Un chercheur de la région de Pithiviers connaissant mes travaux a eu l’extrême générosité de me faire parvenir de remarquables documents.
On doit regretter les tentatives de dispersion de nombreuses archives privées mises en vente par des descendants des héros de la guerre d’indépendance des Etats-Unis, comme lors de cette vente aux enchères, découverte alors que je recherchais sur Internet des documents sur Duportail détenus par les descendants de Rochambeau. Cette vente prévue à l’Orangerie du Château de Cheverny le 9 juin 2008 risquait de conduire à une dispersion du patrimoine historique de la famille de Rochambeau à travers le monde … Le Ministre de la culture que j’ai interrogé m’a fait savoir « qu’un certain nombre de pièces d’archives relatives au général de Rochambeau et à la guerre d’indépendance des États-Unis avaient pu être acquises pour les collections nationales ».

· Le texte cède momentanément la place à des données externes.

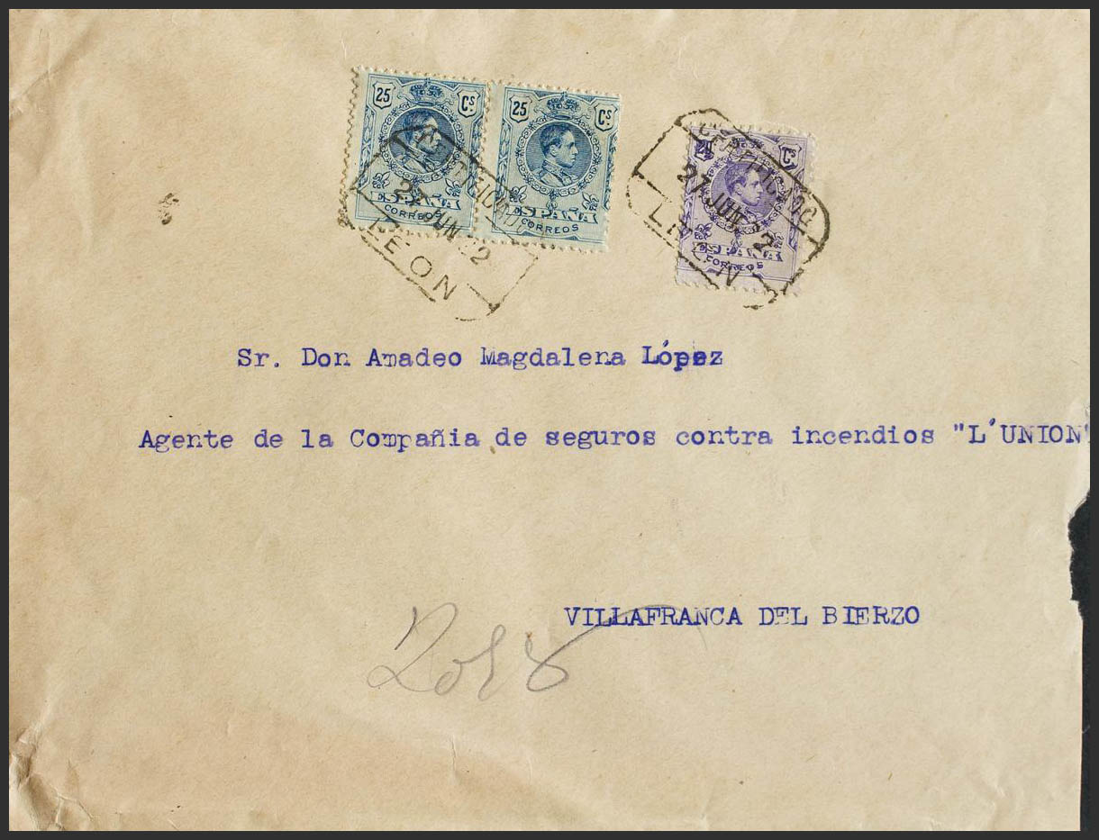 273, 274(2). 1920. 20 cts purple and 25 cts blue, pair. Certificate from LEON to VILLAFRANCA DEL BIERZO. On the back arrival. MAGNIFICENT.
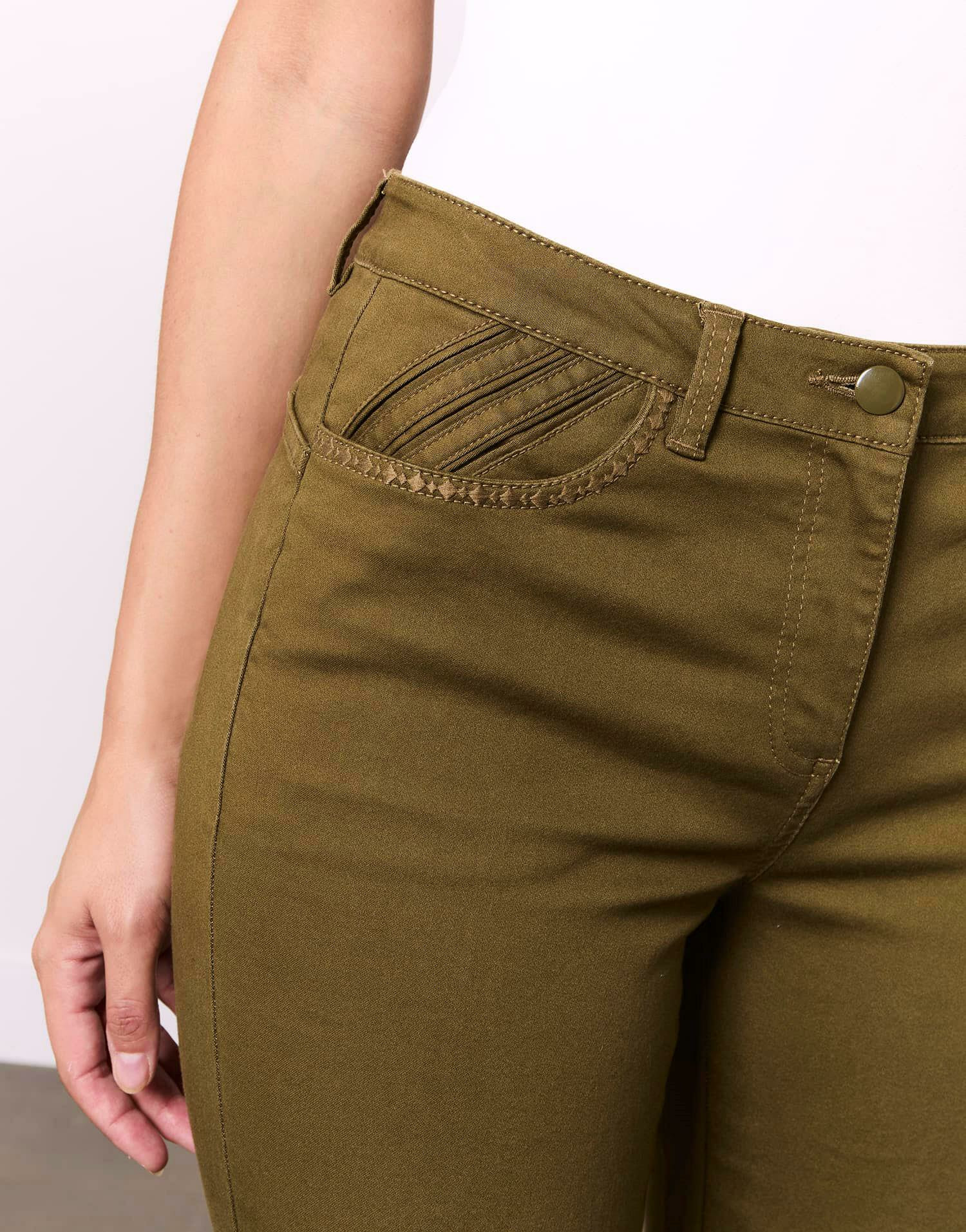 Pantalon 7/8 slim uni kaki pour femme, marque RIU Paris. Sophie mesure 1m77 et porte une taille 38. Coupe ajustée, détails brodés sur les poches avant, longueur 7/8.

Enfin, Duportail devra souvent constater que de nombreux courriers destinés à la France ont disparu, soit saisis par les Anglais, soit jetés à la mer sur ordre pour ne pas être pris par ces derniers.
 
Ma quête de documents authentiques fut facilitée par les usages de l’époque rigoureusement suivis par les Américains : tout document faisant l’objet d’un envoi ou d’une réception était dupliqué dans un registre, y compris aussi dans le tout-début des relations franco-américaines les brouillons et les nécessaires traductions réalisées par un officier américain, ou de concert avec lui.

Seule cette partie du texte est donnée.